Note what they are doing. A comparison between domestic and multinational corporations across countries within the same industry. For mining, to take one example, Australian domestic and multinationals don’t have a statistically significant difference, but UK multinationals do. Or we can compare across countries. Given firm characteristics Australian mining firms have the same effective tax rates as do Canadian firms. And so on. It seems that the table is best interpreted up and down the columns and not across the rows. Across the rows are results from different regressions and the results should not really be compared to each other. Markle and Shackelford do not test to see if the estimates are statistically different across the rows so we can’t really know if they are or are not. When looking across the rows we are not comparing apples with apples. Given the difference in firm characteristics across industries do we expect all firms to have the same effective tax rate? I would think not. (It is true that Markle and Shackelford do comment briefly on the variatuon across industries within the US, but they don’t make much of that issue). In order to test whether the different industries have significantly different effective marginal tax rates Markle and Shackelford would have to re-estimate their equation and interact the country and industry variables. I don’t know if they have done that exercise but they certainly do not report the results of an exercise like that in their paper.

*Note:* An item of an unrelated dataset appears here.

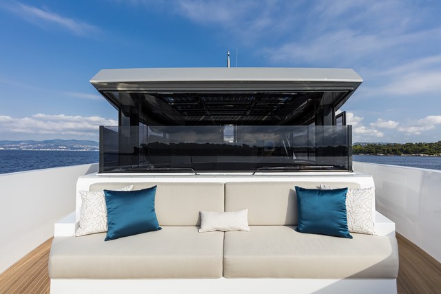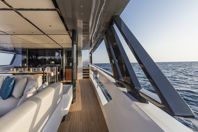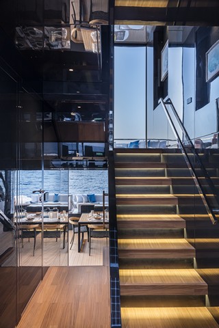 La superestructura alrededor de la cabina está circundada por grandes ventanas  a toda la altura que permiten a los invitados disfrutar plenamente de la vista mientras se relajan en los sofás o se sientan en la mesa que es lo suficientemente grande como para acomodar de ocho a diez personas. Sin embargo, el rasgo más distintivo y que más acentúa el concepto de unión entre interior y exterior  y la prioridad y la relación con el mar y el entorno, es definitivamente el entrepuente o skylounge  de 35 metros cuadrados, donde, gracias a las ventanas que se deslizan verticalmente simplemente con presionar un interruptor, no solo se reduce la necesidad de aire acondicionado, ya que permite esto permite que la brisa marina entre sin obstáculos, sino que además ofrece la sensación de estar totalmente integrados en el entorno.

The Henry Report shows this table based on the Markle and Shackelford industry analysis.
To make the argument that the Henry Review does, and Gillard and Swan have repeated, we would need to see tests of statistical significance across the industries – something that Markle and Shackelford do not do. Rather they present tests of statistical significance across domestic and multinational firms. The evidence does not support the argument the Henry Report, Gillard and Swan have made. It is unclear what the Henry Report means when it says, ‘Their country-specific estimates show significant variation in effective tax rates across sectors’ (emphasis added). There are no tests of statistical significance in the Markle and Shackelford paper to support that statement.